* Activity *
Copy the data below exactly. Any pictures in it should be omitted.
(Task data begins)
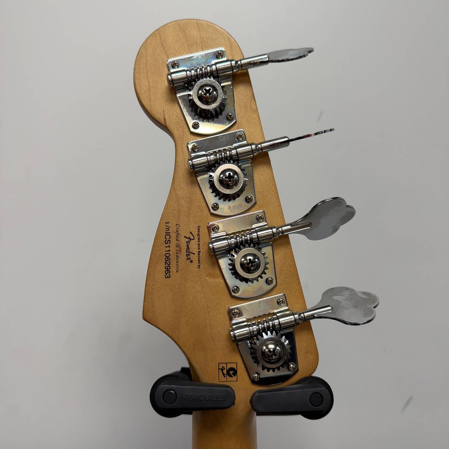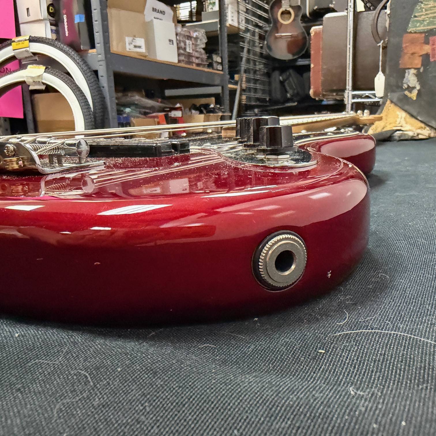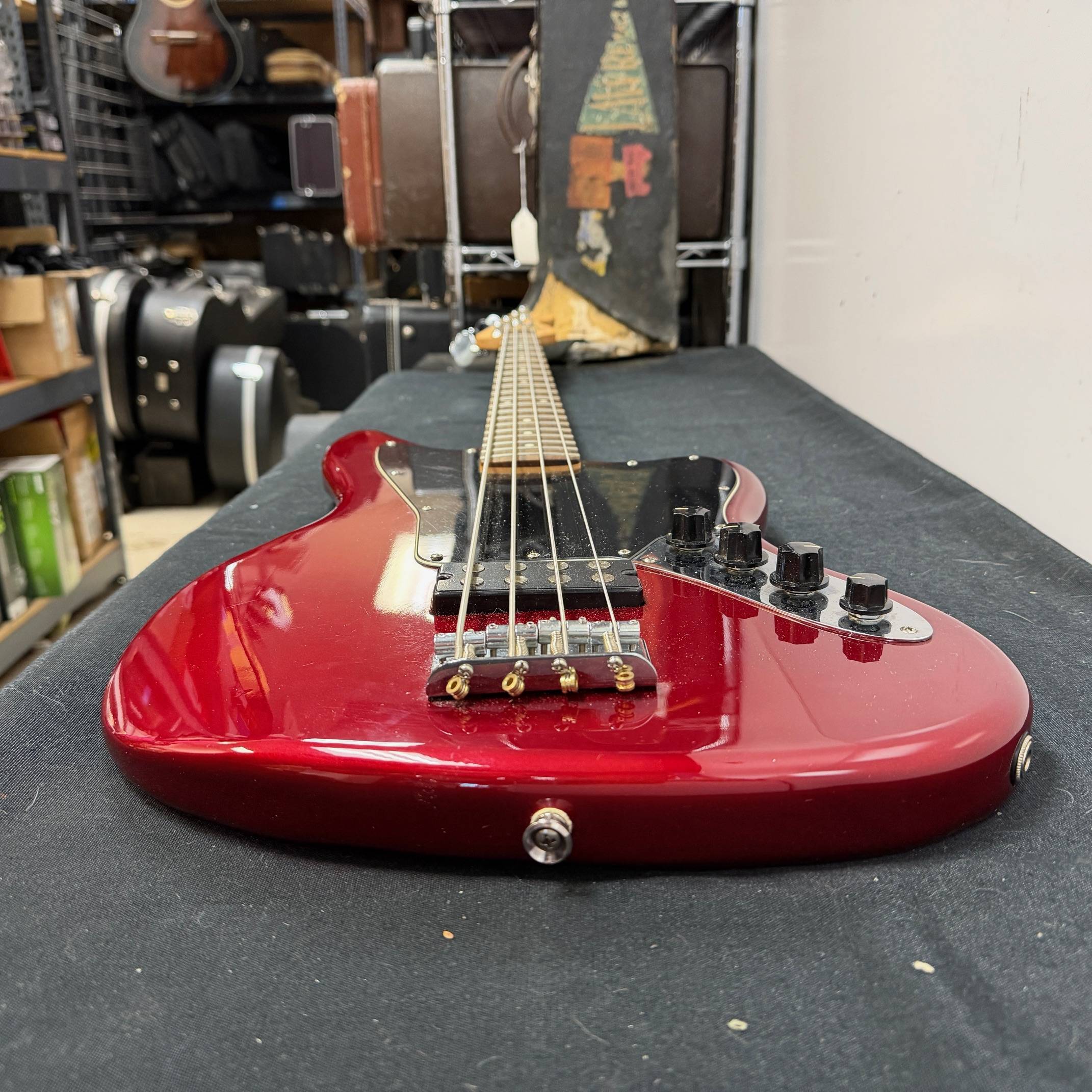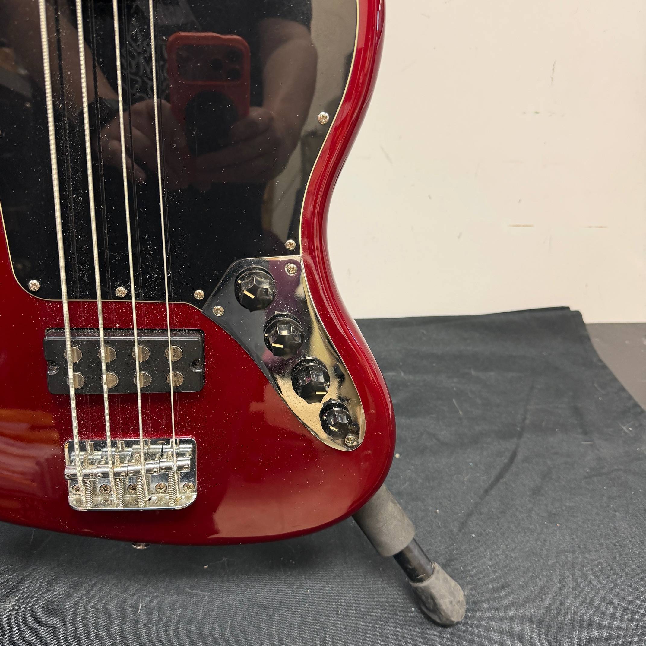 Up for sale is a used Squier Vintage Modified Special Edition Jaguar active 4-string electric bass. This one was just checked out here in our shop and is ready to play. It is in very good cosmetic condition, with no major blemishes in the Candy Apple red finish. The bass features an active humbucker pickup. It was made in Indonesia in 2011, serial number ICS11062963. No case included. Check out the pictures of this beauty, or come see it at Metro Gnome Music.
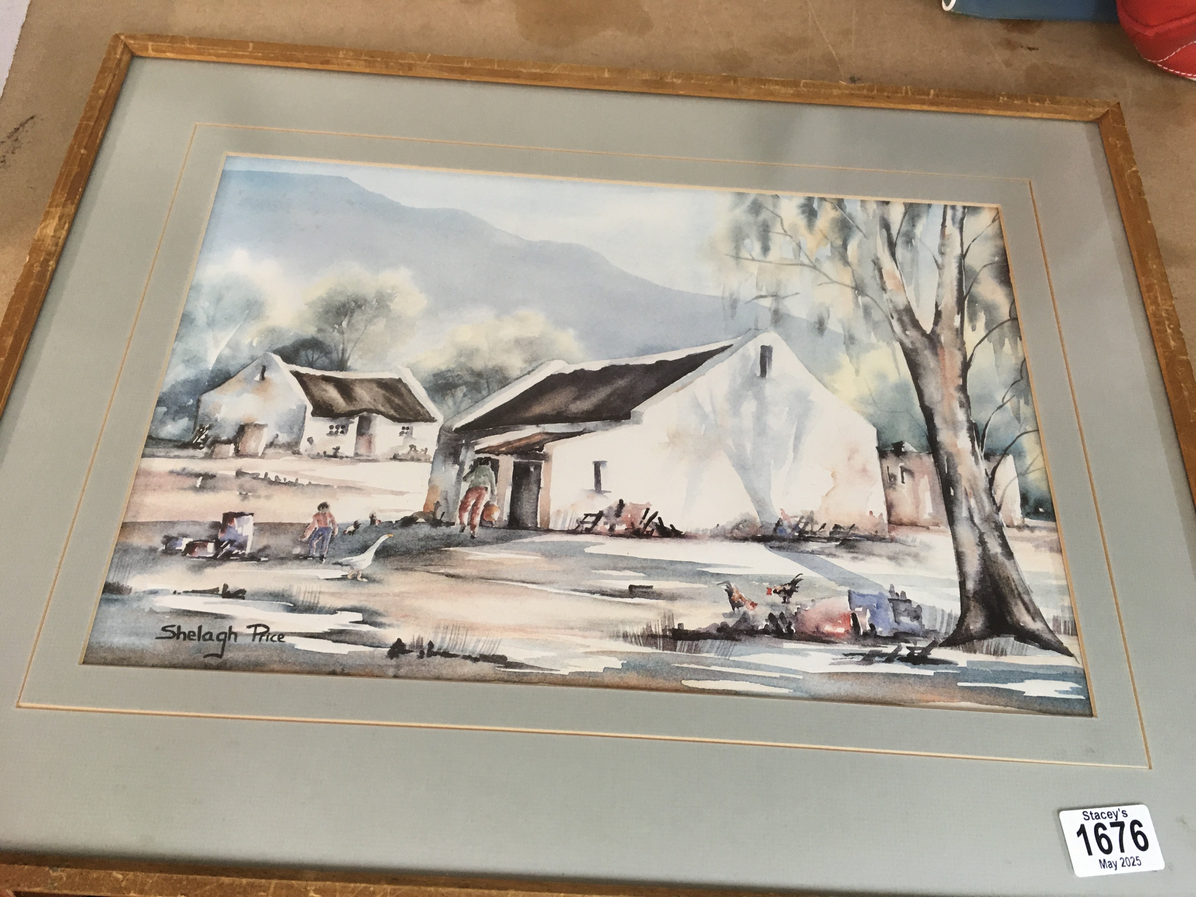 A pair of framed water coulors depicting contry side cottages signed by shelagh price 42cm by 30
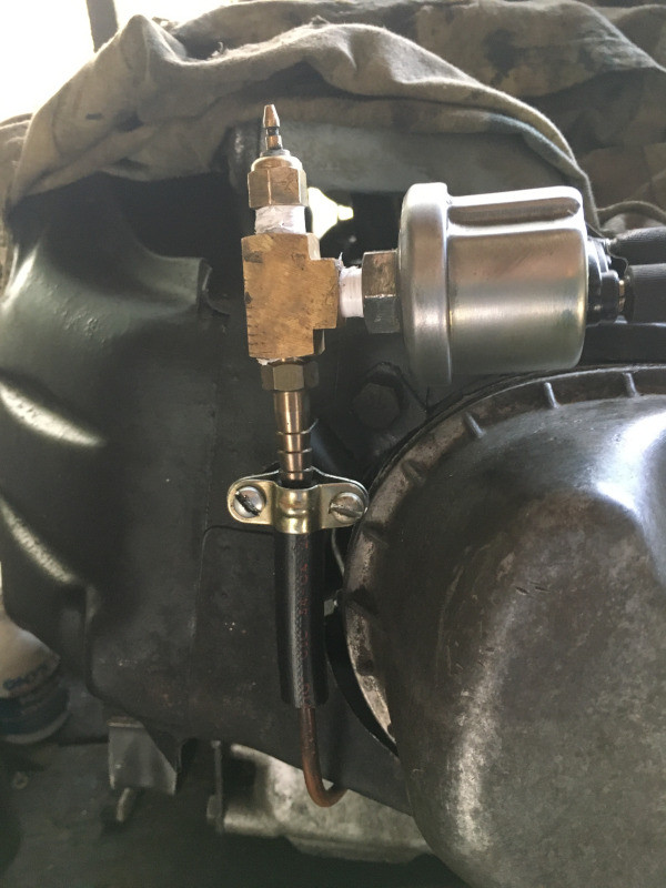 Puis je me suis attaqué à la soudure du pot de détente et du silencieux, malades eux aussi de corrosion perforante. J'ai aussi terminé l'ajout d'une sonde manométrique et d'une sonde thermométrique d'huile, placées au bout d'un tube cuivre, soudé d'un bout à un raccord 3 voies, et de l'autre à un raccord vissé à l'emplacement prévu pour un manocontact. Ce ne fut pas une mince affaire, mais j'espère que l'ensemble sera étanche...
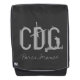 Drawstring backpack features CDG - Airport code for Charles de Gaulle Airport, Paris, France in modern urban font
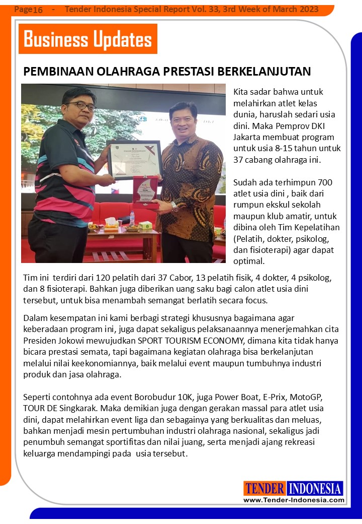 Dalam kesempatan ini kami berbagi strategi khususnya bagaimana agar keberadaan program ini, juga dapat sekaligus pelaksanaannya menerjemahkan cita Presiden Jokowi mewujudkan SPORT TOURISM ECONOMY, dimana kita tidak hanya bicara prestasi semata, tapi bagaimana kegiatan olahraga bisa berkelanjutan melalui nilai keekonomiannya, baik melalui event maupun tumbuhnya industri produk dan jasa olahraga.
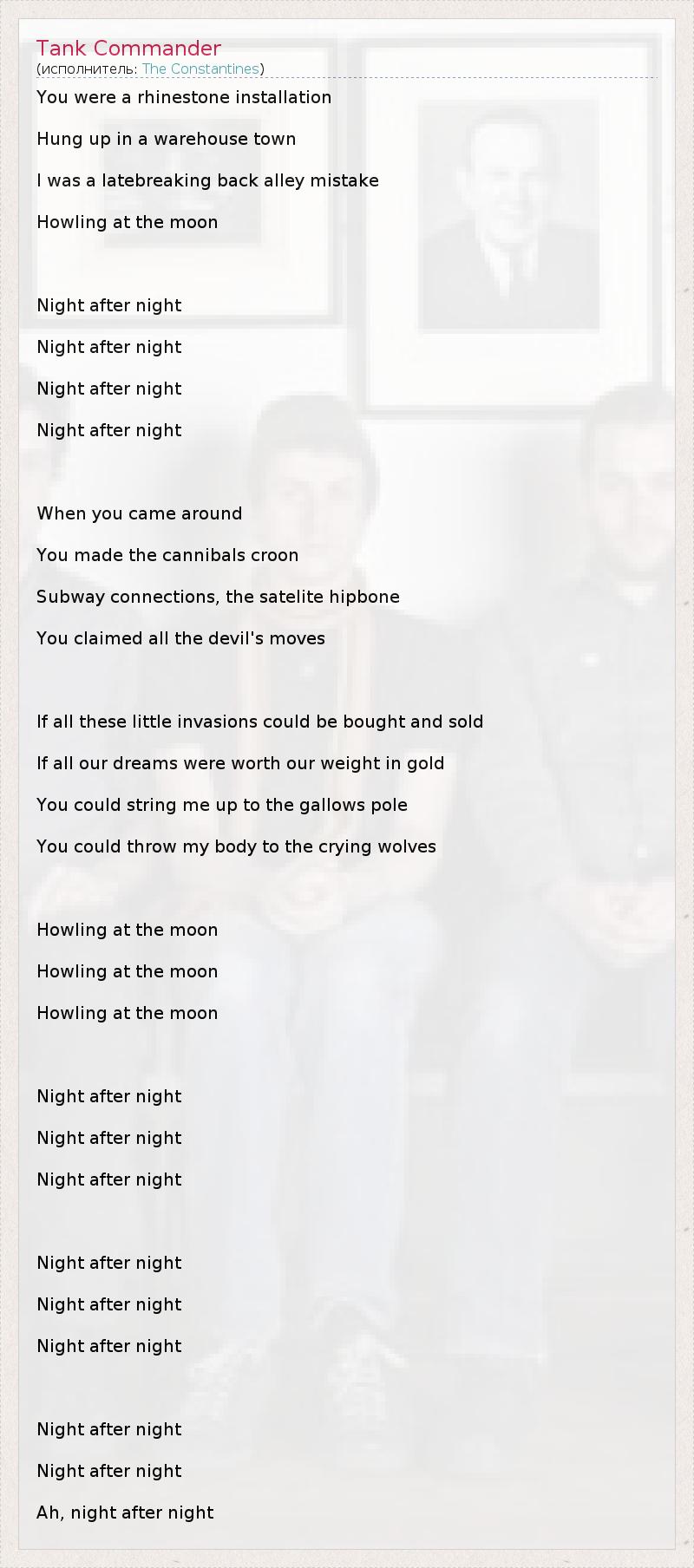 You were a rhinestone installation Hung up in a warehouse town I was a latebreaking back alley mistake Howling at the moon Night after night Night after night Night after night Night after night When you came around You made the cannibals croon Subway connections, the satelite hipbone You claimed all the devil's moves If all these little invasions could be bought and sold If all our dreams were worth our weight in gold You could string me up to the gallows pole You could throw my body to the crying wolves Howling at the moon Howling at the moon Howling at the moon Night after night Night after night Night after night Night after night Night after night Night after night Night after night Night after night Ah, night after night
(Task data ends)
* Written reply *
 Up for sale is a used Squier Vintage Modified Special Edition Jaguar active 4-string electric bass. This one was just checked out here in our shop and is ready to play. It is in very good cosmetic condition, with no major blemishes in the Candy Apple red finish. The bass features an active humbucker pickup. It was made in Indonesia in 2011, serial number ICS11062963. No case included. Check out the pictures of this beauty, or come see it at Metro Gnome Music.
 A pair of framed water coulors depicting contry side cottages signed by shelagh price 42cm by 30
 Puis je me suis attaqué à la soudure du pot de détente et du silencieux, malades eux aussi de corrosion perforante. J'ai aussi terminé l'ajout d'une sonde manométrique et d'une sonde thermométrique d'huile, placées au bout d'un tube cuivre, soudé d'un bout à un raccord 3 voies, et de l'autre à un raccord vissé à l'emplacement prévu pour un manocontact. Ce ne fut pas une mince affaire, mais j'espère que l'ensemble sera étanche...
 Drawstring backpack features CDG - Airport code for Charles de Gaulle Airport, Paris, France in modern urban font
 Dalam kesempatan ini kami berbagi strategi khususnya bagaimana agar keberadaan program ini, juga dapat sekaligus pelaksanaannya menerjemahkan cita Presiden Jokowi mewujudkan SPORT TOURISM ECONOMY, dimana kita tidak hanya bicara prestasi semata, tapi bagaimana kegiatan olahraga bisa berkelanjutan melalui nilai keekonomiannya, baik melalui event maupun tumbuhnya industri produk dan jasa olahraga.
 You were a rhinestone installation Hung up in a warehouse town I was a latebreaking back alley mistake Howling at the moon Night after night Night after night Night after night Night after night When you came around You made the cannibals croon Subway connections, the satelite hipbone You claimed all the devil's moves If all these little invasions could be bought and sold If all our dreams were worth our weight in gold You could string me up to the gallows pole You could throw my body to the crying wolves Howling at the moon Howling at the moon Howling at the moon Night after night Night after night Night after night Night after night Night after night Night after night Night after night Night after night Ah, night after night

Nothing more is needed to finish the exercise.